Our findings have important public health implications, because WHO aims at global elimination of industrially produced TFAs by 2023, yet industrial TFA content in food remains high, in particular, in South Asia (e.g., India), and Eastern and South-eastern European countries [43, 44]. Statutory measures to reduce TFA intake are uncommon, even in the USA or the European Union. Moreover, even in countries that booked successes in reducing TFAs, high levels of TFA can still be found in certain foods (e.g., biscuits) [45]. Therefore, pregnant women living in countries/regions with high TFA content in food, or those with a preference for food containing high TFA levels have substantially elevated risk of exceeding TFA intake. The smaller fetal HC related to higher TFA exposure may have clinical implications. Previous studies associated lower HC in utero with suboptimal neurodevelopment such as more autistic traits and sleep problems in childhood [46, 47]. The current analyses show that children with a smaller HC in utero also had worse cognitive abilities at age 6 years. Therefore, reduction on maternal TFA intake during pregnancy likely favors offspring neurodevelopment.

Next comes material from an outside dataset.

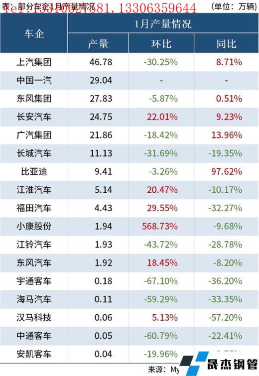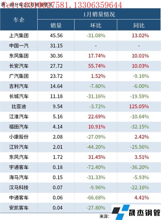 免責聲明:本網站(山東聊城晟杰無縫鋼管廠www.51pvc.cn)刊載的“1月我國汽車產銷降幅明顯,多數車企呈現雙位數下跌”等均源于網絡,版權歸原作者所有,且僅代表原作者觀點,本文所載信息僅供參考。轉載僅為學習與交流之目的,如無意中侵犯您的合法權益,請及時聯系刪除。本網站刊登此篇文章并不意味著本站贊同其觀點或證實其內容的真實性,我們不對其科學性、嚴肅性等作任何形式的保證。如果侵犯了您的版權,請盡快聯系我們予以撤銷,謝謝合作!

Several limitations should be acknowledged. First, we did not assess maternal TFA status in early pregnancy when the basis of embryonal neurodevelopment is substantially formed. However, because the diet patterns of women is reasonably stable across pregnancy [48], maternal TFA levels in mid-gestation were likely indicative of those in the earlier stages. Second, we examined the primary TFA isomer, but were not able to examine other specific isomers, such as t9-C18:1t and t10-C18:1t. However, there is no evidence for a specific mechanism of action [49]. Third, concerns about the violation of some IV assumptions in nutritional research have been raised because nutrition is correlated with numerous other lifestyle and environmental factors [50]. In the current study, we accounted for various variables in the IV analysis, such as EFAs, LC-PUFAs, and diet quality that might index overall nutritional status. However, residual confounding by other nuisance variables, especially those with a similar time trend (e.g., specific nutrients used to replace the TFAs) that may attenuate the observed relations, could not be ruled out.

To conclude, exposure to higher TFA levels during pregnancy is related to lower HC in the third trimester and slower HC growth from the second to the third trimester. These findings further justify advocating TFAs reduction across the globe in the pursuit of optimal child development.